By way of contradiction, suppose that it is possible to write \begin{equation*}N=a^2+b^2\; .\end{equation*} First, divide this equation by any factors of \(p\) common to both sides to get \begin{equation*}M=c^2+d^2\end{equation*} The power of \(p\) we divided by (so that \(N=Mp^k\)) must be an even power, since each term on the right-hand side is a perfect square and can only contribute even powers of primes by the Fundamental Theorem of Arithmetic.

Since \(N\) had an odd power of \(p\), we know \(M\) still has an odd power of \(p\) dividing it, yet \(p\nmid c,d\).
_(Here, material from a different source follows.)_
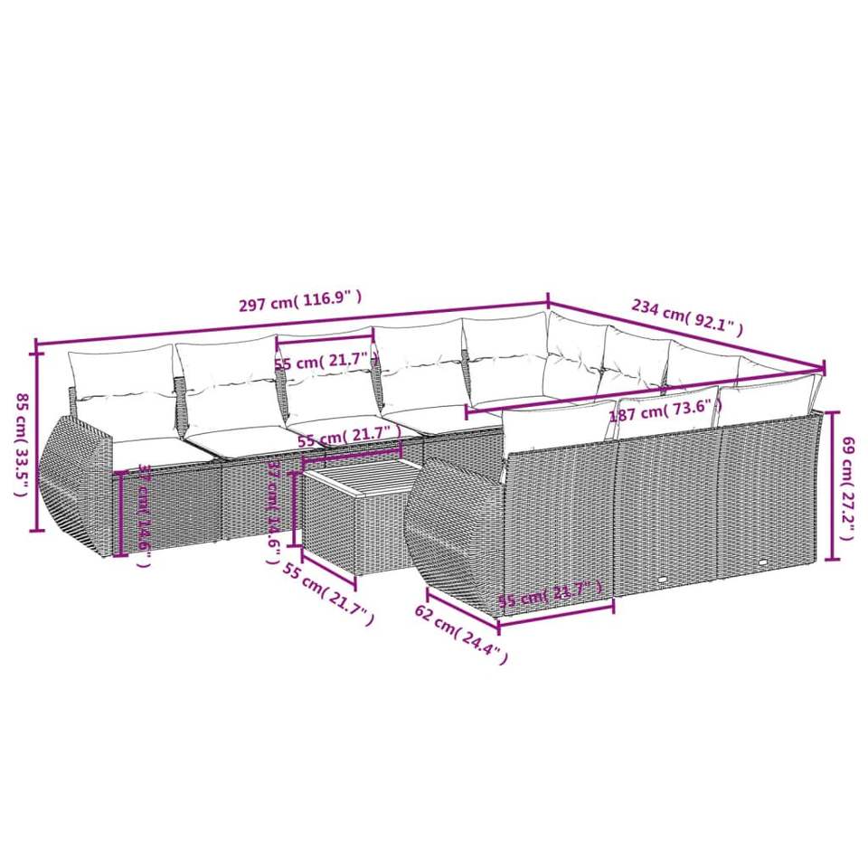 Ensemble de salon de jardin en rotin blanc crème et noir, 10 places, mobilier d'extérieur, design contemporain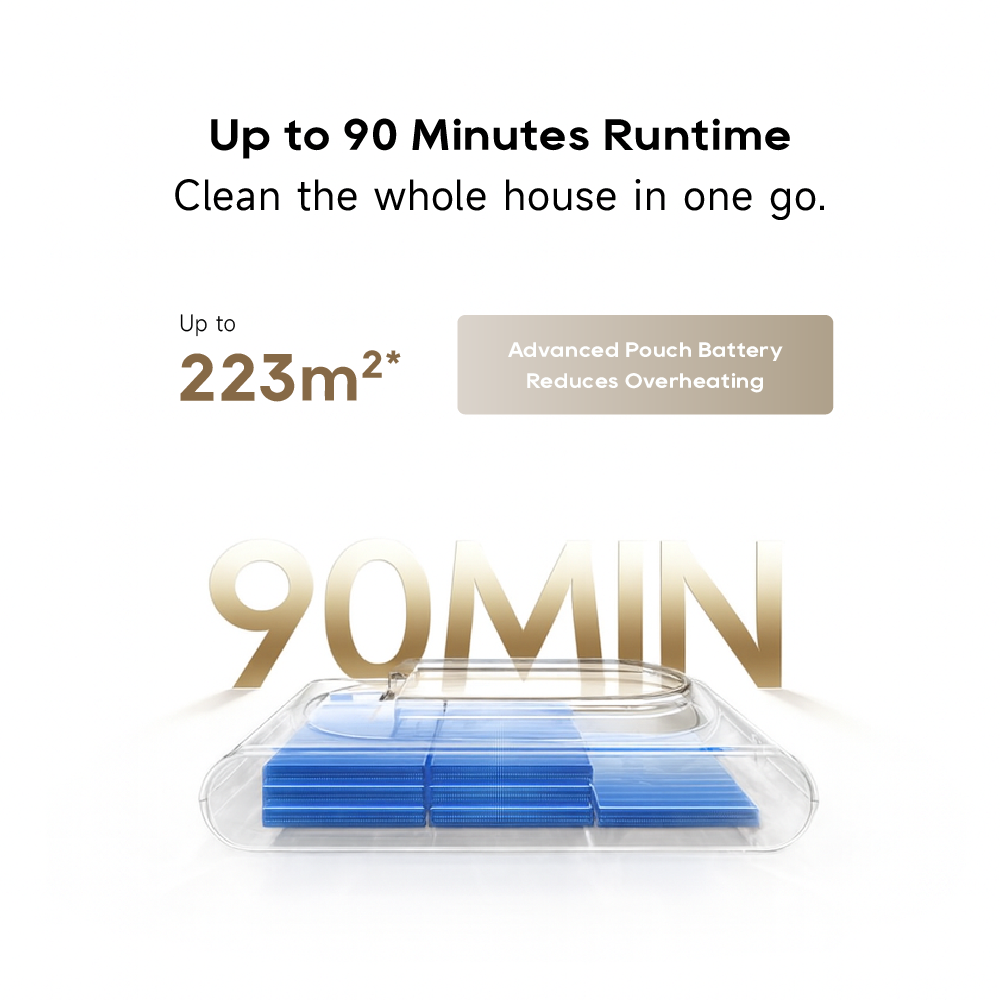 Able to Clean Up to 223m²* and comes with Advanced Pouch Battery.

Take everything modulo \(p\) to get the congruence \begin{equation*}0\equiv c^2+d^2\text{ (mod }p)\; .\end{equation*} Since \(p \nmid c\), we can multiply this congruence by \(\left(c^{-1}\right)^2\) to get \begin{equation*}0\equiv 1+\left(c^{-1}\right)^2d^2\Rightarrow -1\equiv \left(c^{-1}d\right)^2\text{ (mod }p)\end{equation*}

This is a contradiction, as there is no square root of \(-1\) modulo \(p\) by Fact 13.3.2!